Il venait, comme à l’accoutumée, d’ouvrir son castelet, et s’apprêtait, comme à l’accoutumée, à préparer la scène pour la représentation, lorsqu’il entendit derrière lui une voix timide qui balbutiait : « Monsieur, je peux regarder ce qu’il y a dedans ?... »

L’enfant avait été rapide : quelques minutes auparavant, le Montreur de marionnettes l’avait remarqué de l’autre côté du square, seul… Peut-être profitait-il de l’absence du garçon brun et s’était-il enhardi, sachant qu’il n’avait pas de concurrent, de rival, ce soir-là ?... L’enfant blond se tenait planté près de la porte du castelet, guettant la réponse de l’homme, avec impatience, avec crainte.
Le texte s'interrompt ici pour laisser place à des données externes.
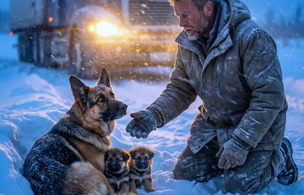 The wind howled through the mountain pass as he squinted through the passenger window. There, barely visible under a drifting bank of snow, was a large German Shepherd. Her fur was matted with ice. She was curled protectively around two tiny puppies.

Pouvait-il le renvoyer ?... Il le fit pénétrer dans le sanctuaire, lui donna à admirer les marionnettes, lui montra comment les animer avec trois doigts, comment les immobiliser sur un bâton, les faire s’envoler dans les airs… Et l’enfant souriait, ravi… Alors l’homme lui apprit comment changer sa voix pour chaque personnage… Et le jeune garçon, se sentant accepté, mis dans le secret, prit confiance… Pouvait-il enfiler une des marionnettes sur sa main à lui ? Là… Ce prince aux vêtements d’or et d’argent et à l’immense cape bleu de Prusse ?... Maladroitement, il esquissa quelques mouvements, émit quelques paroles, puis, plus sûr de lui, éleva la marionnette jusqu’à la scène…

Le Montreur de marionnettes, radieux, lança :
« Tu les aimes, dis ?... Et puis tu as l’air de savoir les manœuvrer !... »
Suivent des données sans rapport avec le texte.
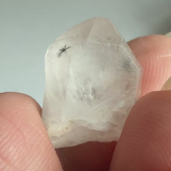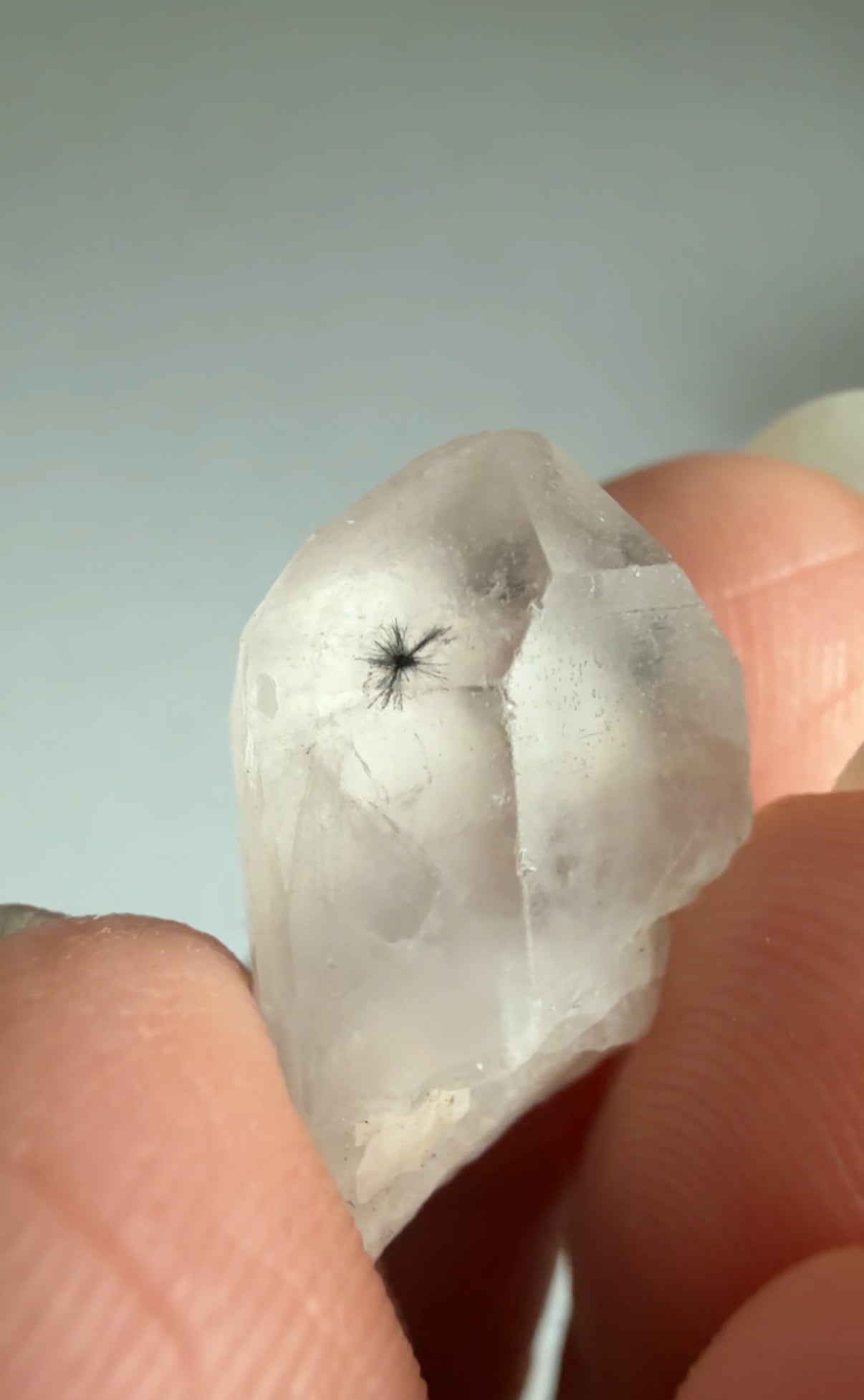 An aesthetic little thumbnail specimen with two little well defined bursts of hollandite in quartz.

L’enfant se retourna, rougissant de plaisir :
« J’en ai chez moi… Je les ai faites en tissu bourré de papier : elles sont plus légères…, mais quand elles se tapent dessus, ça ne fait pas de bruit ! »

Ils se mirent à rire tous les deux…

« Tu peux venir me voir travailler », allait dire le Montreur de marionnettes, mais il s’arrêta soudain : à la porte, l’autre enfant venait de se poster et de demander : « Monsieur, je peux entrer aussi pour voir ? »…
Presque les mêmes paroles, mais l’homme sentit aussitôt toute la différence, qu’il avait déjà décelée par l’observation entre les deux enfants. Il l’invita à pénétrer, lui montra les diverses poupées, répondit à ses questions. Et que de questions !... Cet enfant voulait tout savoir, et non seulement au sujet de ces marionnettes-là, de ce castelet, de ces spectacles, mais sur l’origine de ces pantins, sur ceux qu’on manipule avec des fils, sur ceux qu’on actionne avec des bouts de bois… Apparemment, il en savait déjà beaucoup sur ce sujet et ne faisait que montrer ses connaissances sous forme de fausses questions dont il possédait déjà la réponse ! L’atmosphère envoûtante des coulisses s’estompait…
Le Montreur de marionnettes se sentait mal à l’aise tout à coup ; il regarda sa montre…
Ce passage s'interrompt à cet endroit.